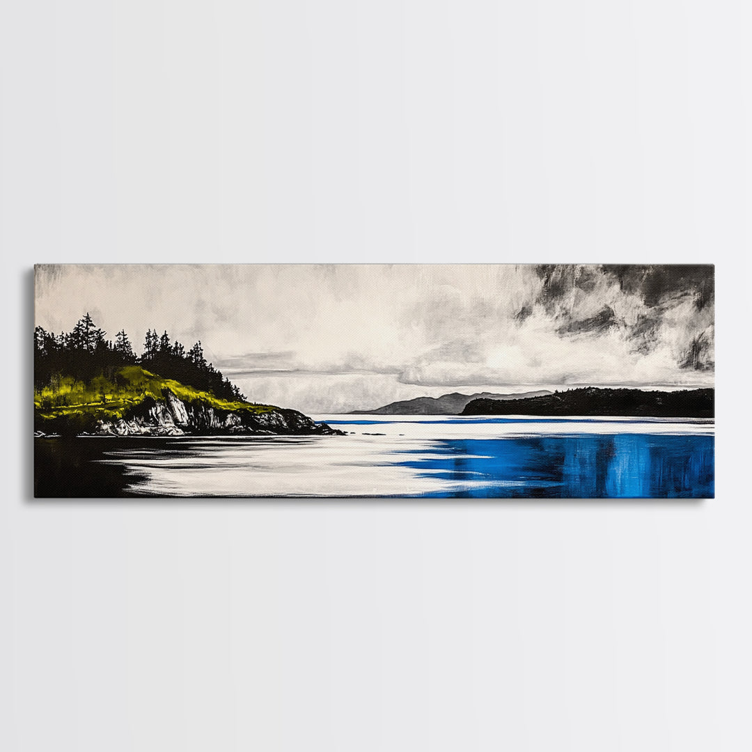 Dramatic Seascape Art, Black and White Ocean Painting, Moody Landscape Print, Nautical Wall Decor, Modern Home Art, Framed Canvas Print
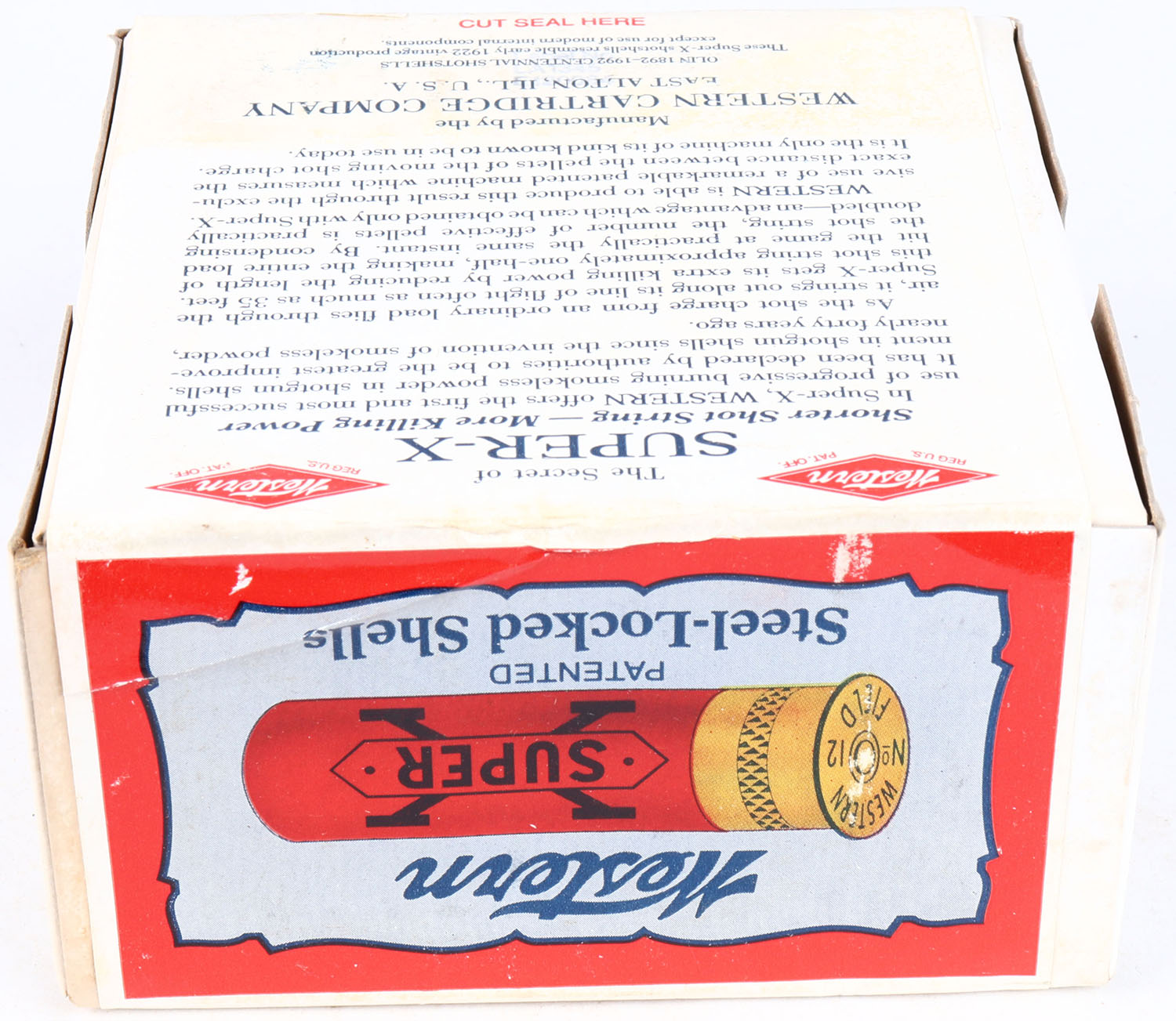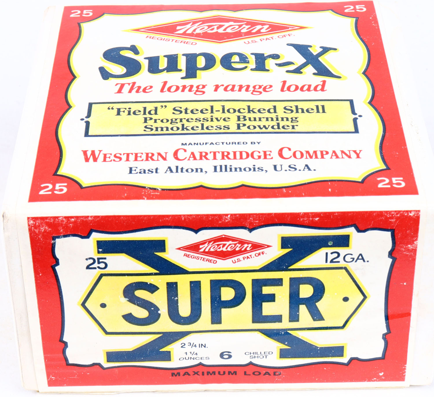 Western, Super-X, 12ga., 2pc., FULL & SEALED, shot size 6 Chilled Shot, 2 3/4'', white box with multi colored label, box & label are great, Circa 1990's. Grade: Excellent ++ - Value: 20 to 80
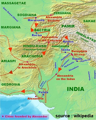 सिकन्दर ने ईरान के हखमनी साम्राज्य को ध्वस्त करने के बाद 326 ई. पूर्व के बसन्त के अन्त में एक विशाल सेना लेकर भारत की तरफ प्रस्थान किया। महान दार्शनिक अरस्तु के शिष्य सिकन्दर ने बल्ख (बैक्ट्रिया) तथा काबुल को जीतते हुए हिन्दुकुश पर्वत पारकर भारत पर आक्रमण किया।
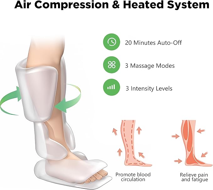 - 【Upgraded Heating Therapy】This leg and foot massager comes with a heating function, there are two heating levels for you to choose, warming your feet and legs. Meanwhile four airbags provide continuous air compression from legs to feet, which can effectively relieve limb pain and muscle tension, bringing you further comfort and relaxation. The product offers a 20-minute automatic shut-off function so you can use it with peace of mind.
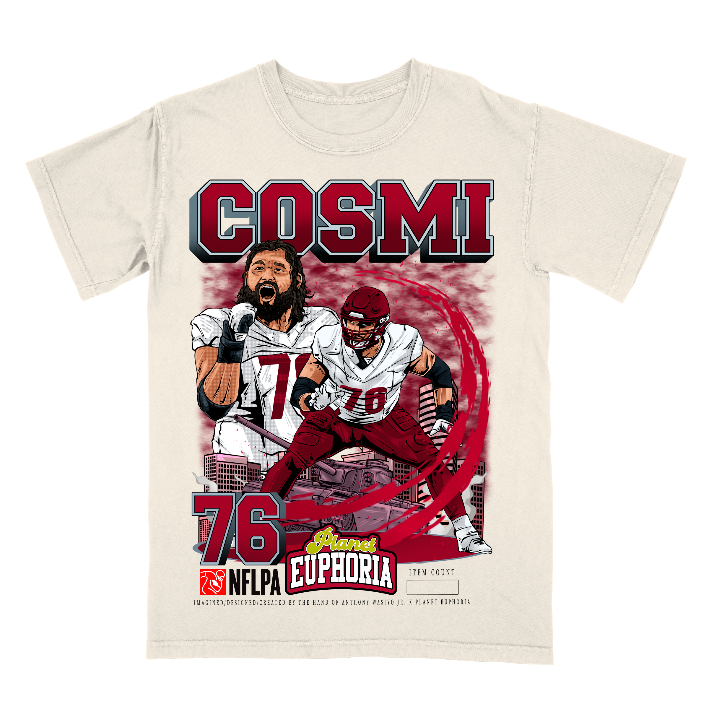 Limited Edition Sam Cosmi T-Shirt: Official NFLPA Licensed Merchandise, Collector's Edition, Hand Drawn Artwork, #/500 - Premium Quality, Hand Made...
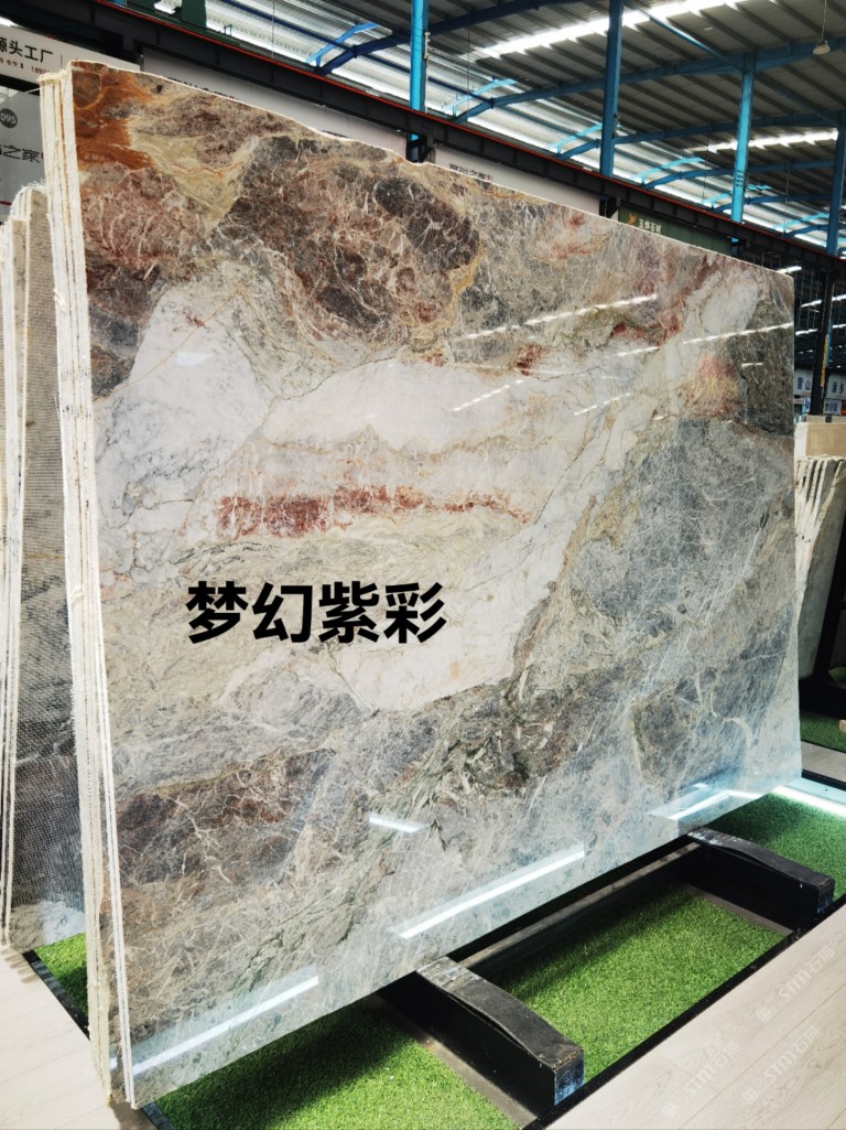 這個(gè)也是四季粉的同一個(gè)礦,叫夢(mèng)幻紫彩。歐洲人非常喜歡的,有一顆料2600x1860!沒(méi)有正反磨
________
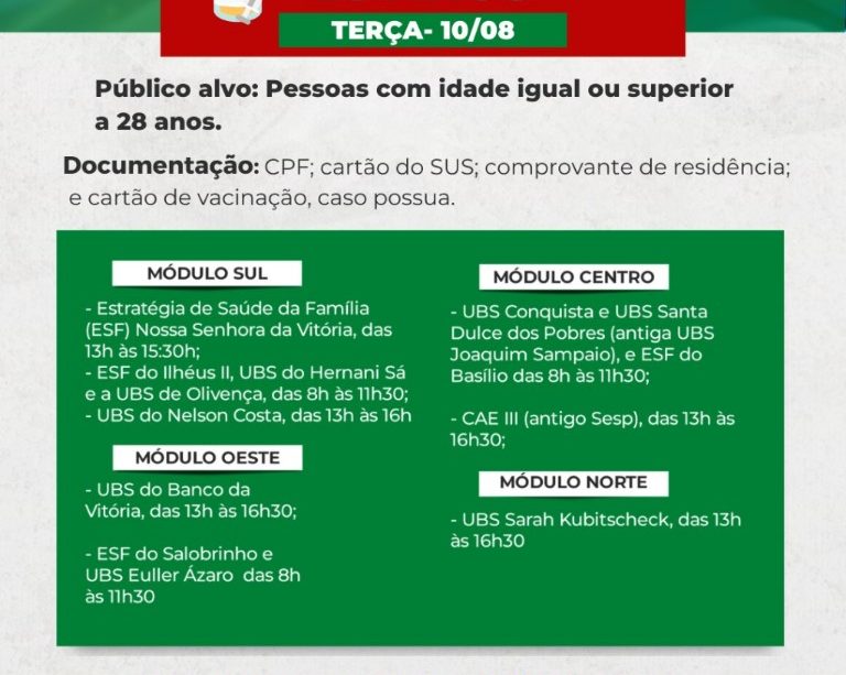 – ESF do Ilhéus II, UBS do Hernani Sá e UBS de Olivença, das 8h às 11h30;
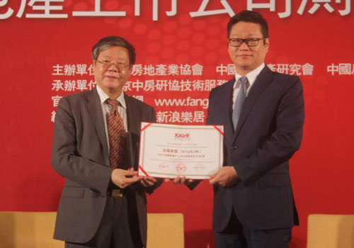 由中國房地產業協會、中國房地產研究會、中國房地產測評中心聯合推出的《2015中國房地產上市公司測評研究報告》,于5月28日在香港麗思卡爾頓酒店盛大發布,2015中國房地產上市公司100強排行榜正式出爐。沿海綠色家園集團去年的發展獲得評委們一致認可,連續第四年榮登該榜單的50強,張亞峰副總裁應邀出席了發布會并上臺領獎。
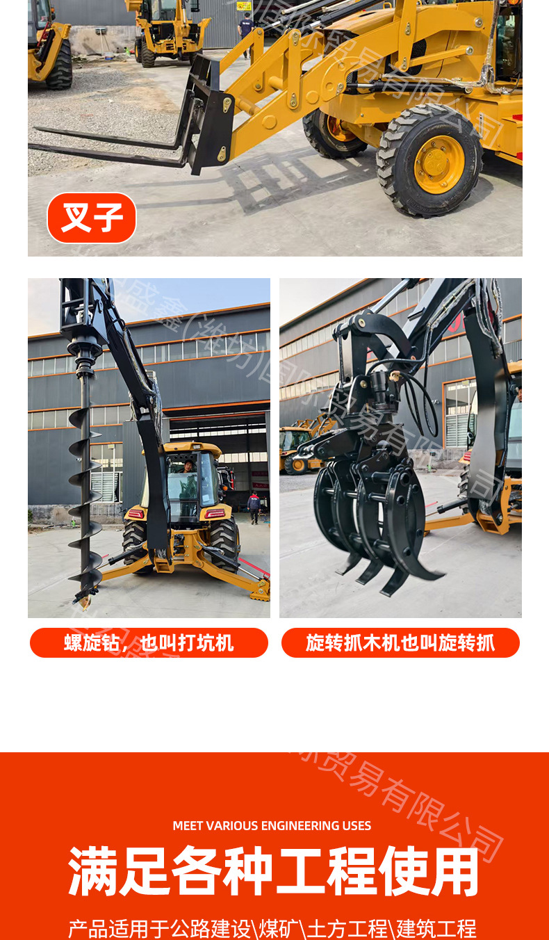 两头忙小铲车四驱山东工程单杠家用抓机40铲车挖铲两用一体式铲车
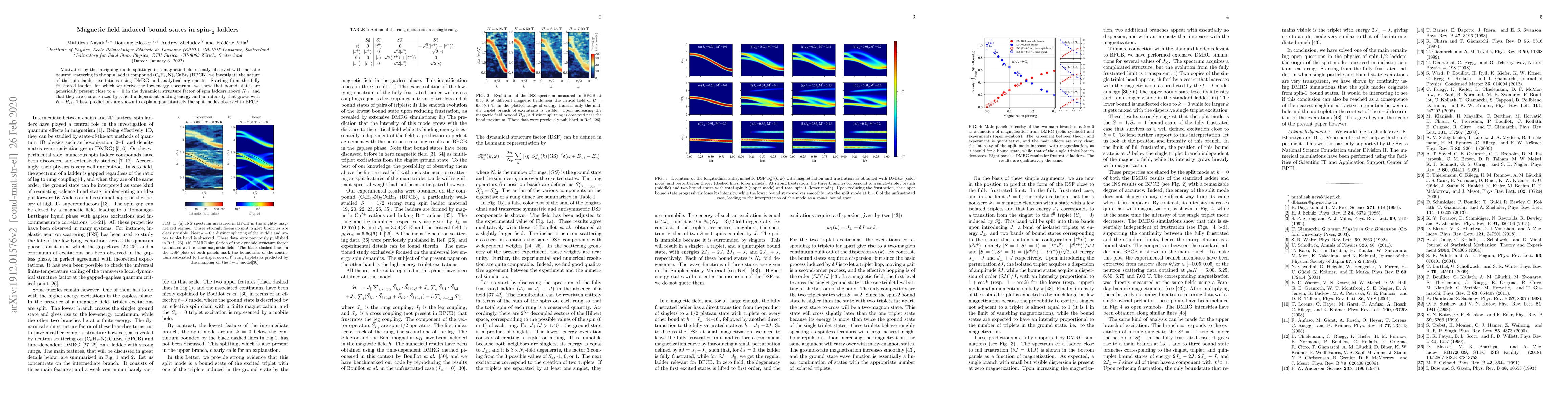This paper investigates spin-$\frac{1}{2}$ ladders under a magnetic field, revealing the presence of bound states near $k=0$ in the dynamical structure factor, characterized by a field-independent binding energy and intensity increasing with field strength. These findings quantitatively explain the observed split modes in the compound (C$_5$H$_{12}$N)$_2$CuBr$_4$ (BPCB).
________
## The task
Exercise for the records above: copy only the lines from the one with "Dramatic Seascape Art, Black" to the one with "Western, Super-X, 12ga., 2pc., FULL", both ends kept, and drop the pictures.

## Output of the exercise
 Dramatic Seascape Art, Black and White Ocean Painting, Moody Landscape Print, Nautical Wall Decor, Modern Home Art, Framed Canvas Print
 Western, Super-X, 12ga., 2pc., FULL & SEALED, shot size 6 Chilled Shot, 2 3/4'', white box with multi colored label, box & label are great, Circa 1990's. Grade: Excellent ++ - Value: 20 to 80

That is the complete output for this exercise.